Wednesday 2 May 2007

Underexposed and panoramic experimentation


Thanks to Oat Vaiyaboon [hangingpixels on Flickr] for suggesting I use PTGui for photo panoramas. [Funnily enough, I think he used to be a student of mine in Digital Media at Sydney Uni, way back at the beginning of the century]. Oat is, for me, a very memorable name. Today, therefore, I set about taking another set of images at twilight from McMahon's Point and stitching together 10 high res images from Milson's Point Harbourview and Luna Park right around via SOH and bridge to Darling Harbour. I think it looks much better. This was still just using a regular tripod (not a pano-head - will try to borrow that some time).



These images I took -2/3 f/stop for the reasons that follow. The second image shows the ant-like dimensions of the bridge-climb tour group atop the SHB, using the 420mm 35mm-equiv (Leica 88.80mm) zoom.




Another experiment I tried today was inspired by the advice of amateur (yet remarkable) photographer (and heart specialist), Marco Pozzi from the U.K. who was featured in Photography Monthly. His self-professed inspirations include Steve McCurry (photographer of the notorious Afghan Girl image widely employed by National Geographic, a Magnum Photographer) and Pozzi's images share the intense rich, saturated and dark colouration and textural detail that McCurry's have. Both also photograph seemingly exclusively abroad in exotic locations, especially portraits and people in context, people in countries like Afghanistan (McCurry), India and Nepal (Pozzi), Cuba and fascinating cultural contexts, capturing people posing or going about daily activities. I very much admire the images by both. Pozzi's article states that one of his standard techniques is to underexpose, then treat contrast, levels and saturation in PhotoShop, which seems to achieve what I call the 'Leica-look' (though he uses Nikon primarily). This is the aesthetic of depth, darkness and more underexposed appearance more closely resembling film than typically seen in digital photography. This method is especially well suited for portraiture of people with darker and coloured skin. The overexposing for scenery, landscapes, urbanism is not such a marked advantage: its greatest impact is for portrait shots.

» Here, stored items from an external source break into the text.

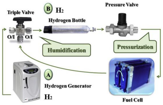 Figure 3. Working principle of a kind of hydrogen storage bottle: (A) H2 → hydrogen bottle→fuel cell, (B) Fuel cell anode: Pt-H2 → 2H+ [22].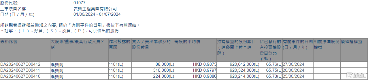 格隆汇10月4日丨根据联交所最新权益披露资料显示,2024年9月27日及9月30日,安乐工程(01977.HK 获执行董事潘乐陶在场内以每股均价1.0...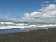 Week 3: We examined MANY houses, looking for that perfect "character" house (privacy, room for sheep). We did not find it, but did find the beach community of Rarangi, about 1/2-way between Blenheim and Picton. We visited the school, talked with some residents, and got a good feeling about it. We put in an offer on a house there - it was accepted! Glenn is happy - right across the street from the Golf Course. If all goes to plan we will be in before Christmas. Plenty of room for guests -make your travel plans now. Here's the beach there on a blustery day.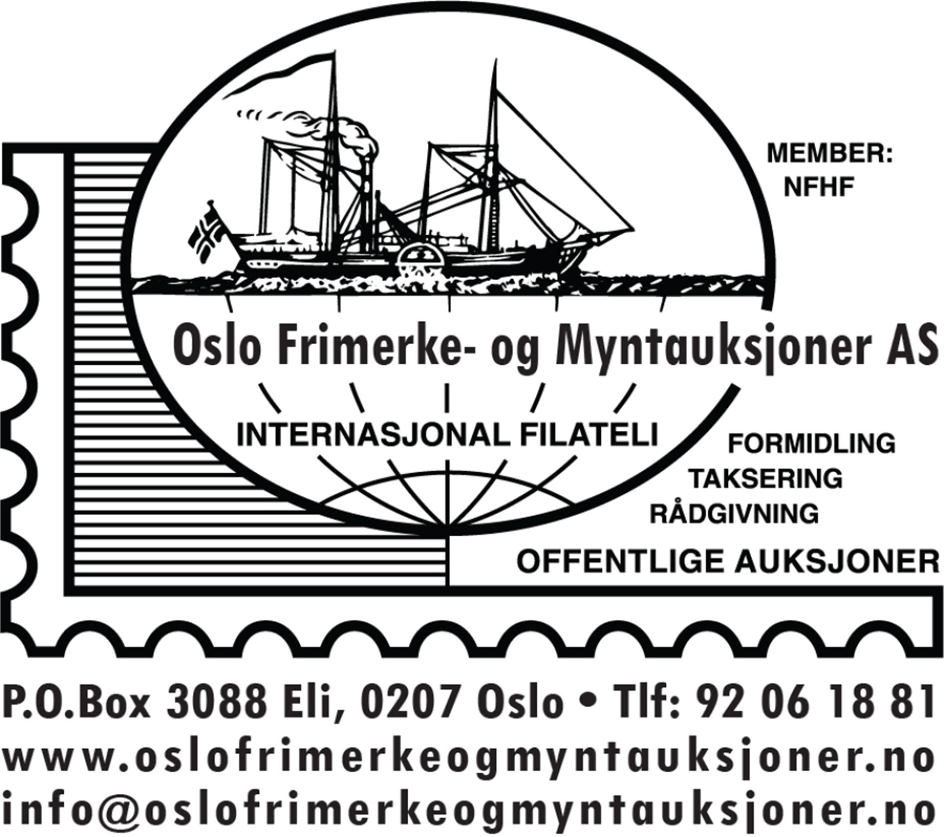 At the hammer price there will be a 20% commission plus any postage and Nkr 100 in bank-charge. If it is desired to submit objects for certification, this must be agreed within the first three days of the auction. Payment is made as an advance or upon collection of the objects.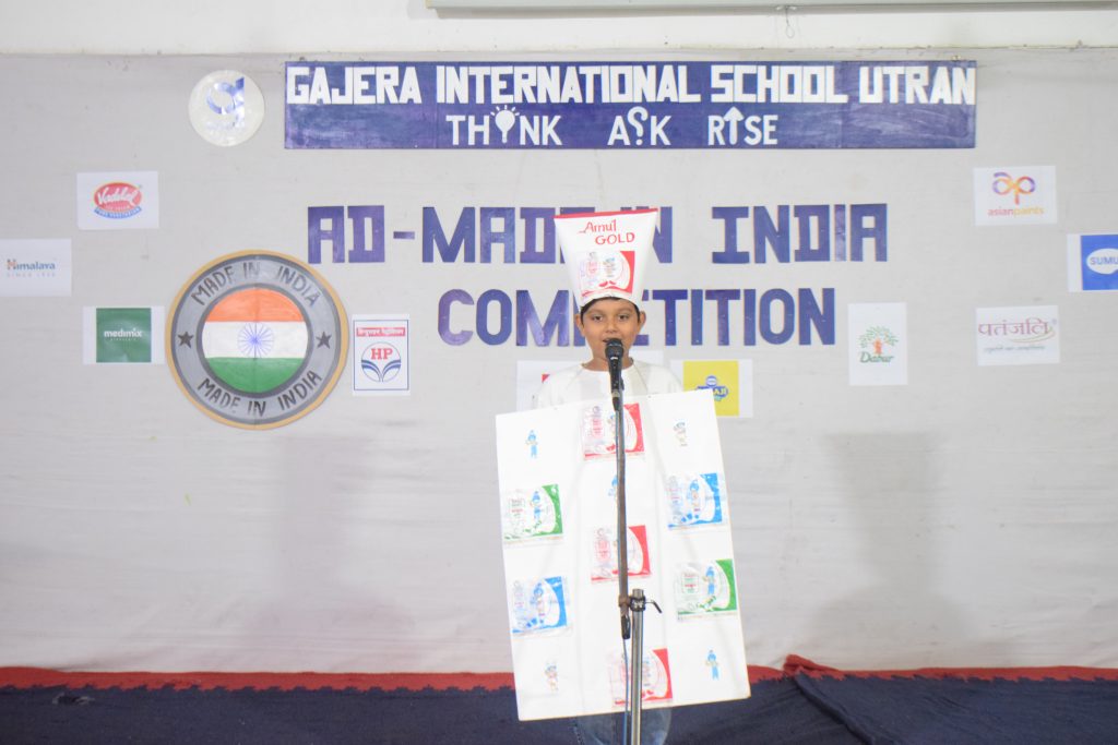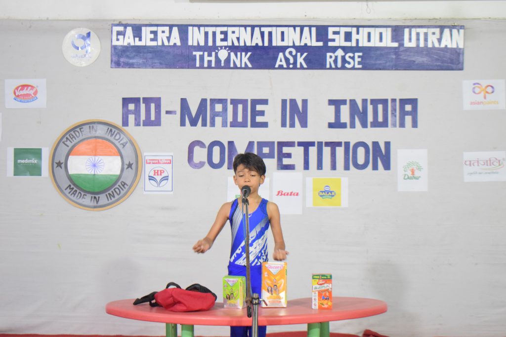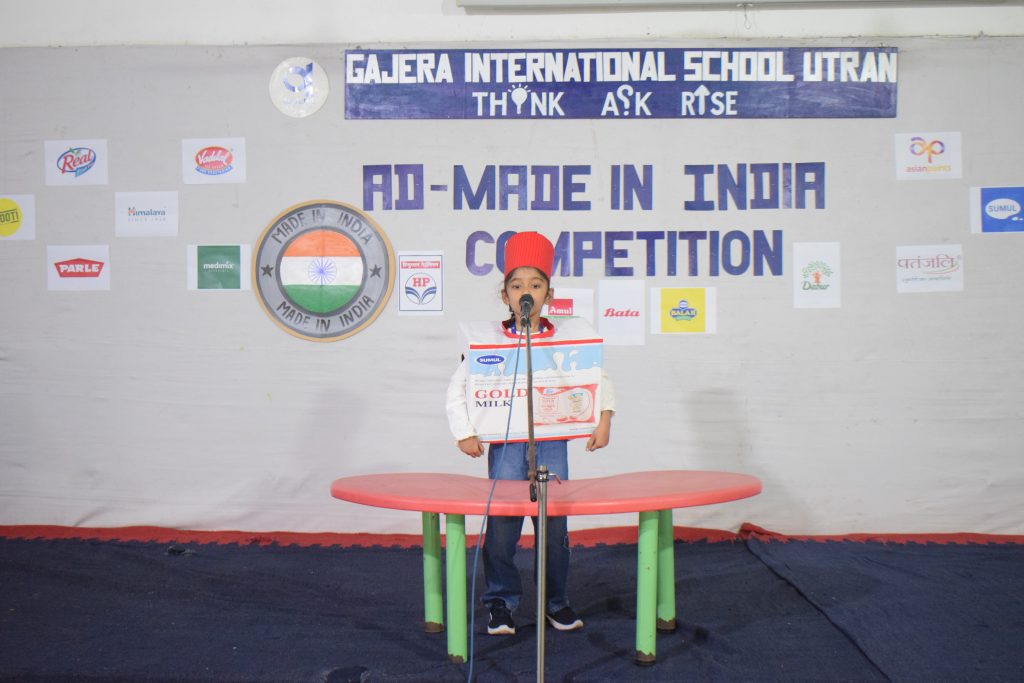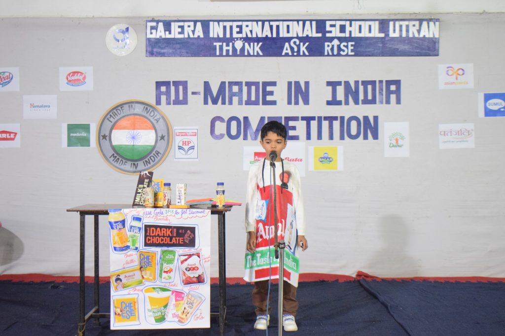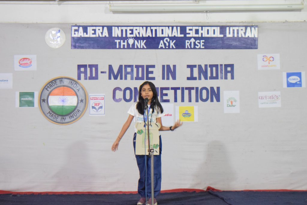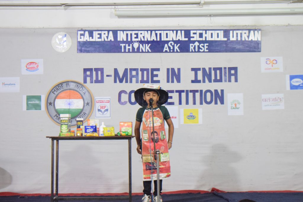 Dressed as various Indian brands and items—from traditional handicrafts to modern-day essentials—our young advertisers stole the show with their vibrant costumes and imaginative ideas. Each participant confidently took the stage to promote their chosen product through a 2-minute advertisement, highlighting what makes it special and uniquely Indian.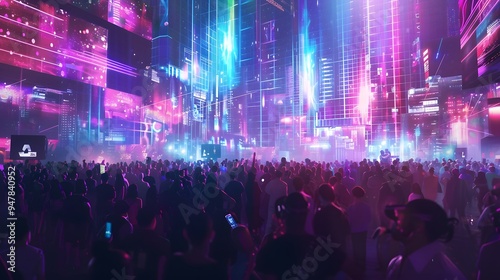 Crowd under neon lights, bokeh effect and beautiful mind visuals, rave atmosphere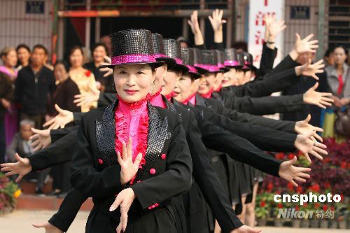 10月7日,河南许昌100多位退休老人欢聚一堂,在“庆祝九九老人节”文艺表演活动中载歌载舞,尽情展示自己的快乐和自信。中新社发 牛书培 摄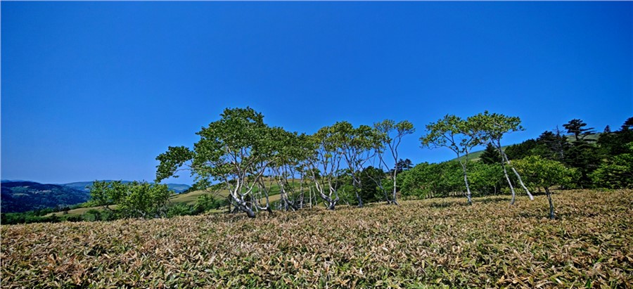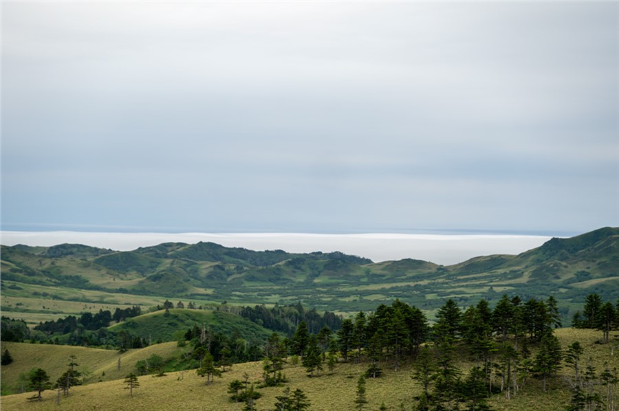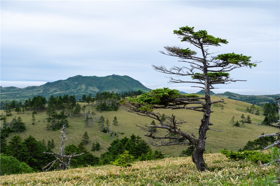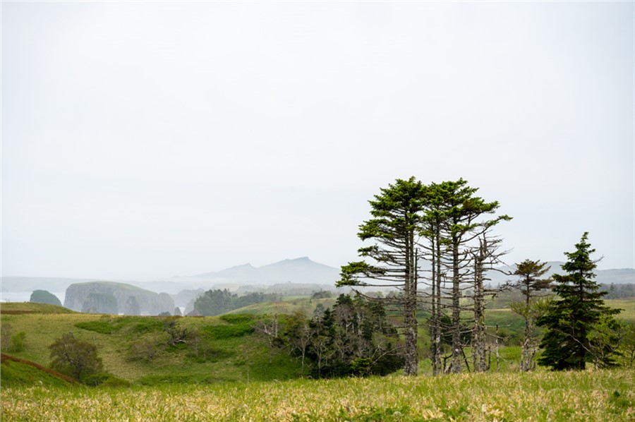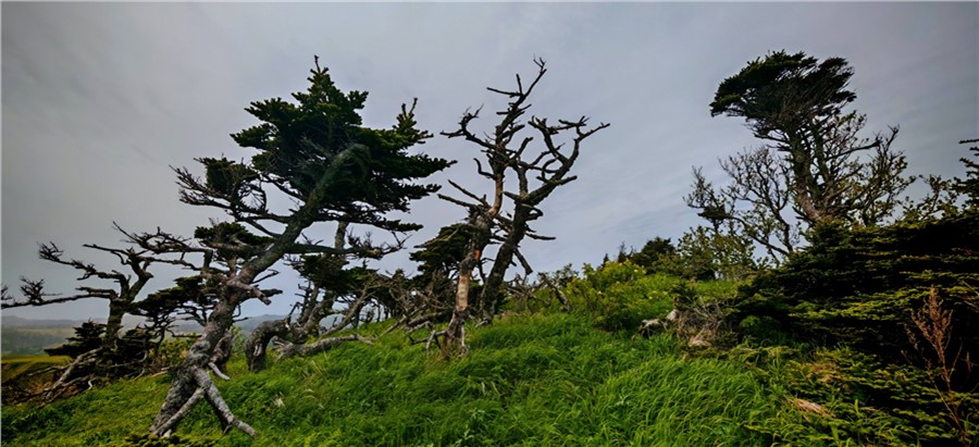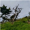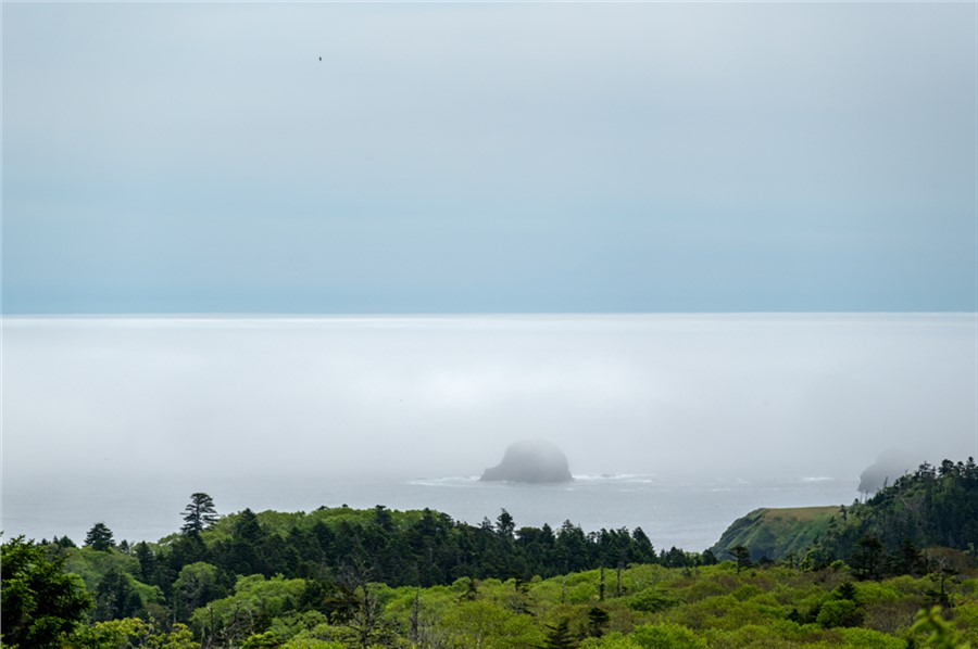 Островная сущность подразумевает постоянство трех вещей — ветра, тумана и дождя. Ветер дует всегда и со всех сторон, меняется лишь его сила. Даже в распадках сопок с подветренной стороны встречаются поваленные тайфуном деревья, а форма крон их коллег, держащихся за камни на утесах, позволяет легко угадать откуда «прилетает» чаще всего. Большая часть Шикотана покрыта ковром вечнозеленого бамбучника (сазы курильской), который под штормовым ветром волнуется не хуже морской поверхности. Зрелище завораживающее, но в мокром состоянии затрудняющее передвижение, несмотря на то, что бамбучник здесь вырастает чуть выше колена, в отличие от трехметрового сахалинского.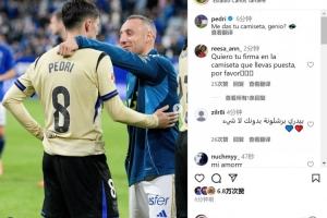 巴薩中場佩德里更新社媒動態(tài),曬出與皇家奧維耶多40歲中場卡索拉的賽后合照,對其表達(dá)敬意,配文:“天才,能把你的球衣給我嗎?”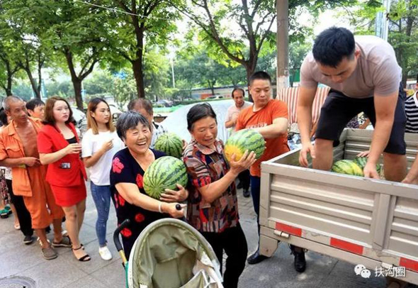 鄭州市民排著長長的隊(duì)伍領(lǐng)取免費(fèi)愛心西瓜,來自咱扶溝的宋鐵托做了一件感動(dòng)家鄉(xiāng)人小事,而這件小事卻上了《人民日報(bào)》。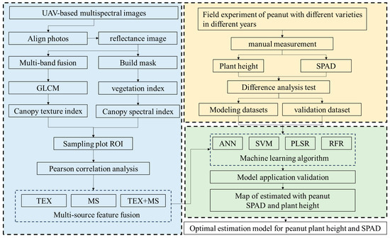 The specificity of peanut plants has limited the use of this high-throughput phenotypic detection and analysis method, and little is known about the contribution of combining canopy spectral and textural features to peanut phenotypic estimation. In conclusion, regression models based on data fusion of UAV-mounted multi-type sensors while using machine learning have been used for crop trait estimation. To detect crop growth and development using phenotypic data, this study proposes to analyze and research multi-source data fusion of peanut phenotypic metrics using a UAV equipped with multispectral lenses. Additionally, the following concerns are recommended to be investigated: 1. The viability of estimating peanut phenotypic metrics using multi-source data fusion techniques; 2. The impact of various data sources on the model’s estimation accuracy; 3. A comparison of the RFR and PLSR, SVM, and ANN differences among the four approaches for estimating peanut phenotypes; 4. Verify that the peanut phenotypic prediction model is applicable and generalizable.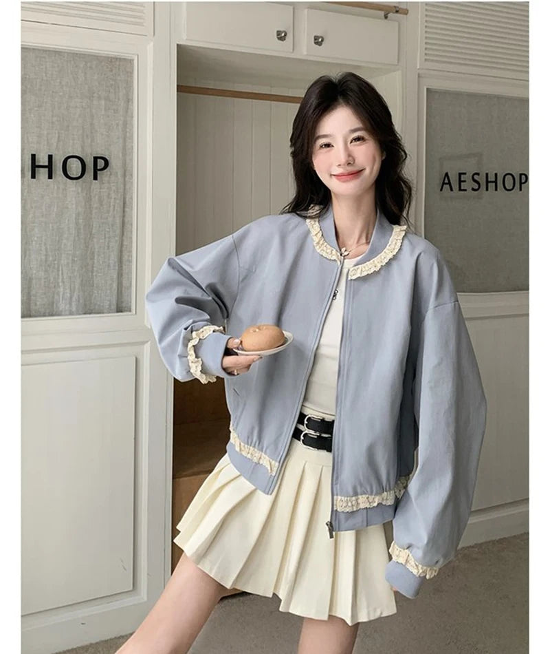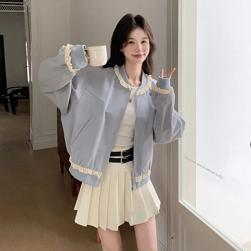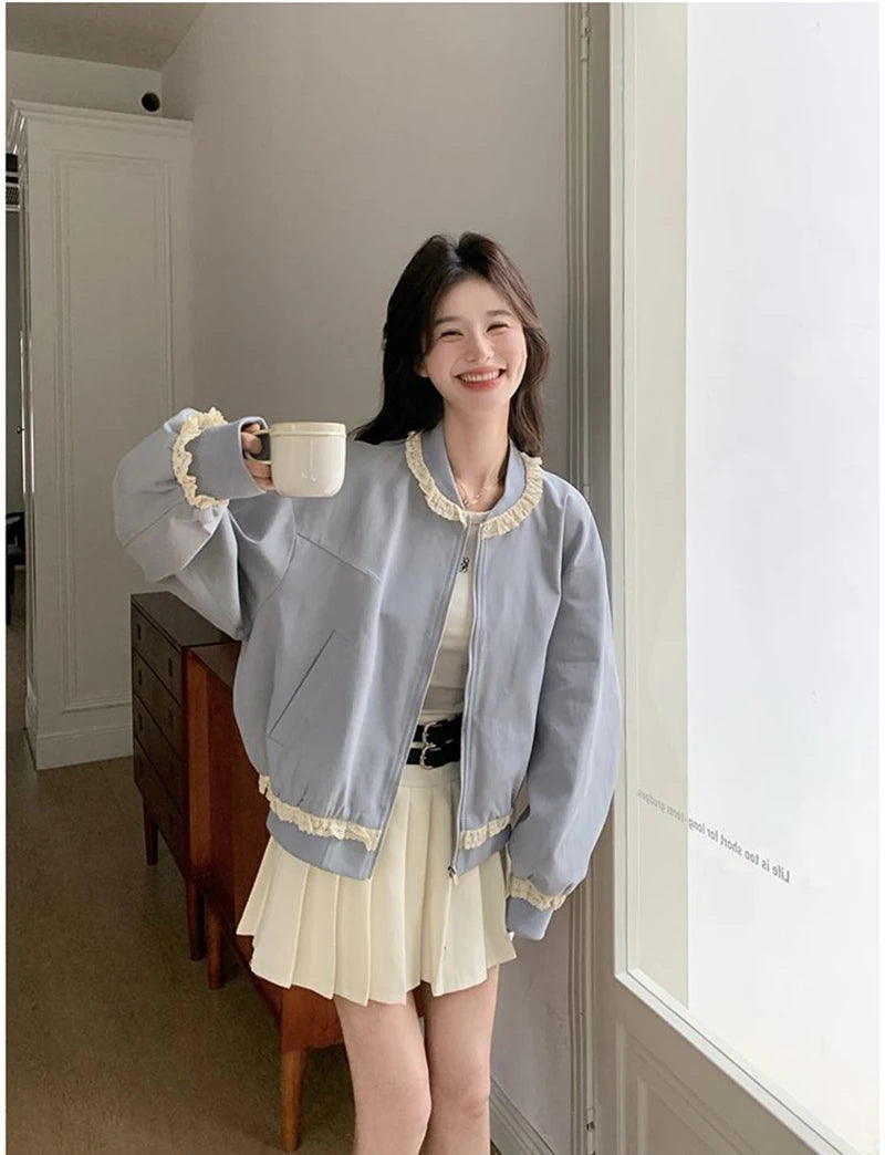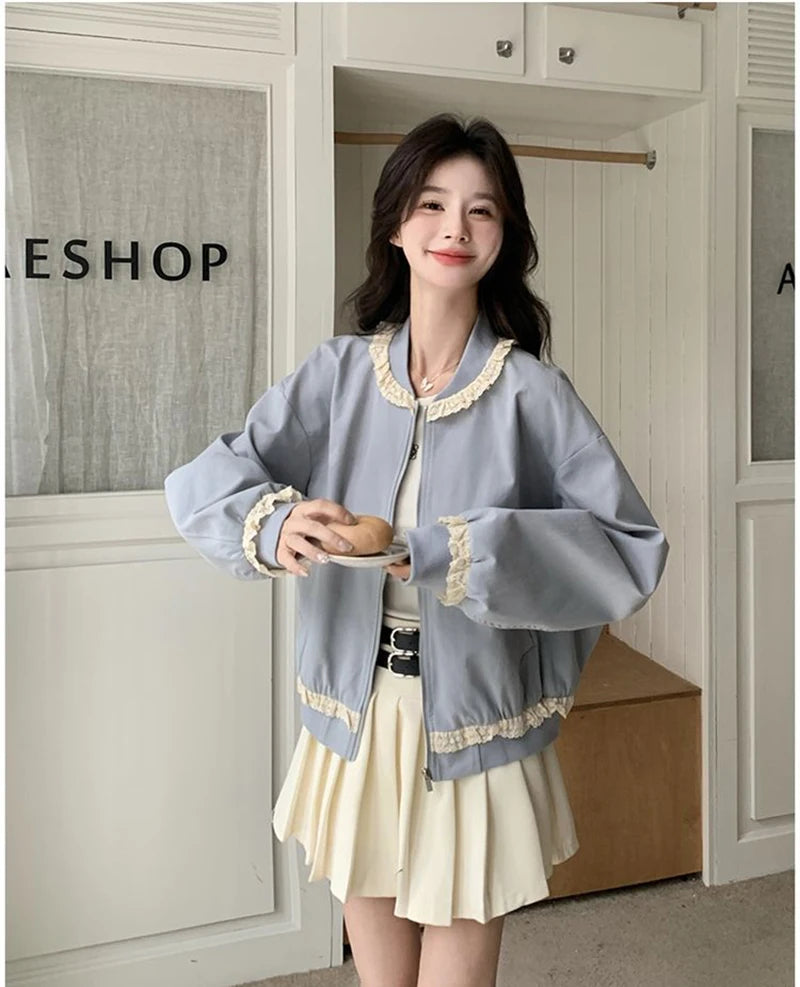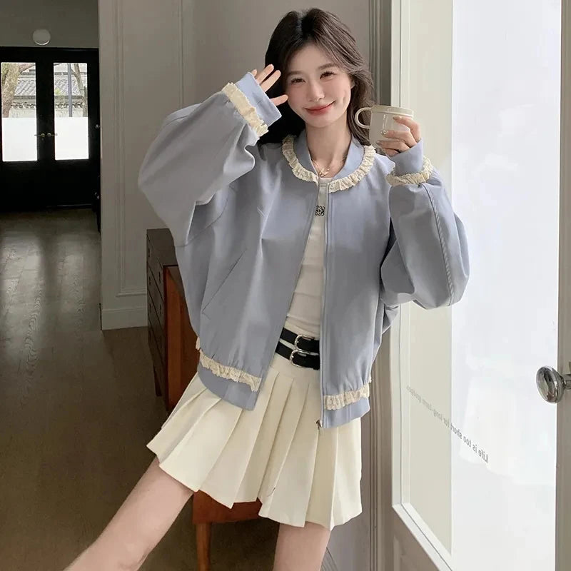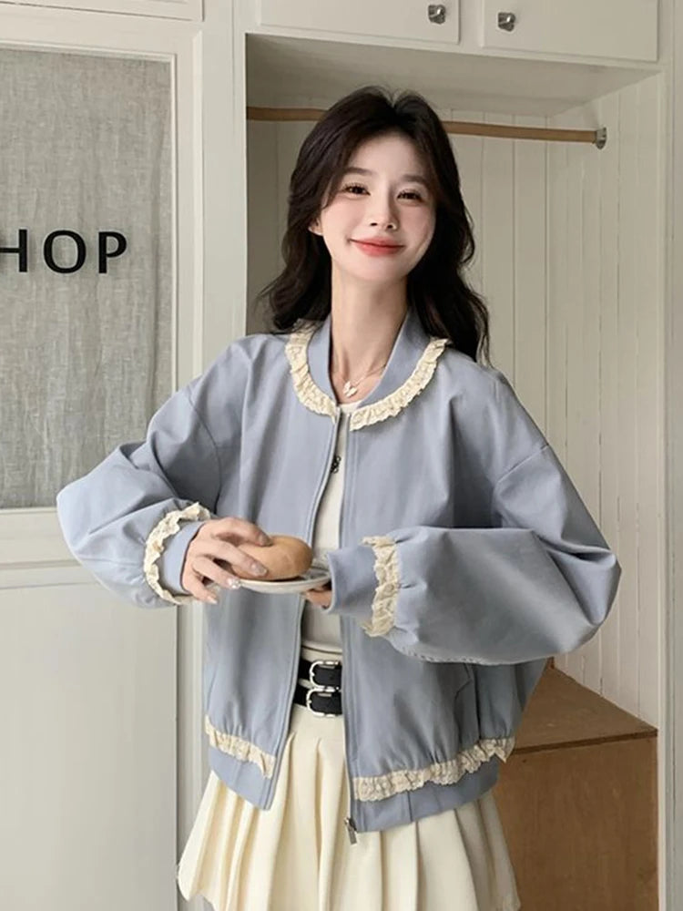 Lunivop Lace Patchwork Sweet Jacket Women Loose Vintage Preppy Style Cute Coat Female Long Sleeve Korean Retro O Neck Tops Outwear

I took the picture of myself and the majority of harbour shots -2/3 f/stop.

Two of my currently favourite books - Lonely Planet Code Green traces a series of eco-tourism, small footprint and remarkably unusual places on the earth - the atypical tourist destinations - acclaimed for their natural beauty. The National Geographic photography book is self explanatory but fascinating because it covers a range of photographers and their disctinctive approaches.

Today, reading Setting Sun: Writings by Japanese Photographers (ed. Ivan Vartanian, Akihiro Hatanaka, and Yutaka Kambayashi), I enjoy exploring the different reasons these photographers give for pursuing variously their passion, profession, documentary, investigation through picture. Daido Moriyama, for example, states that he keeps pondering about what photography is, what the camera is ... i.e. he concludes a photograph is a commemoration and espouses that the camera goes with him to capture interesting or surprising events but his agenda is never fashion, journalism or art photography. On principle, he thinks a photograph cannot have the same status as a unique work of art. Naoya Hatakeyama in his chapter on Lime Works on the other hand offers a less serendipitous, highly astute observational eye and descriptive narrative eschewing spontaneous for a considered and very conscious understanding of context. He seems very contemplative and photography seems to awaken for him his raison d'être. I like his rationale pointing out that perhaps there are as many worlds as there are instances looking at and re-looking at it, i.e. it exists in a moment and every perception is distinctive and fresh, and to that photography can bring new glimpses. We also share an empathy for nature and his potent desire to remove the denatured, distant we have of nature, over-idealised yet un-integrated with our daily experience in many cases. He questions the very core assumption that modern objective photography facilitates a stepping away from collusion and participation, finally rationalising that "understanding the multifaceted nature of the world based on this ideology of looking at things may serve to broaden the world's surface. In my fantasy, three spheres cling together as they expand and contract: the Earth, the brain, and the eyeball". Takuma Nakahira asks the same question "what isa camera?" that Moriyama asks. Nakahira concludes that it might be the embodiment of our desire to look, a technology resulting from historical accumulation - or a system unto itself". It locates the photographer relative to the world, distances(?) and frames and isolates single elements of reality. "The entire 'memory' of the world is the truth of looking".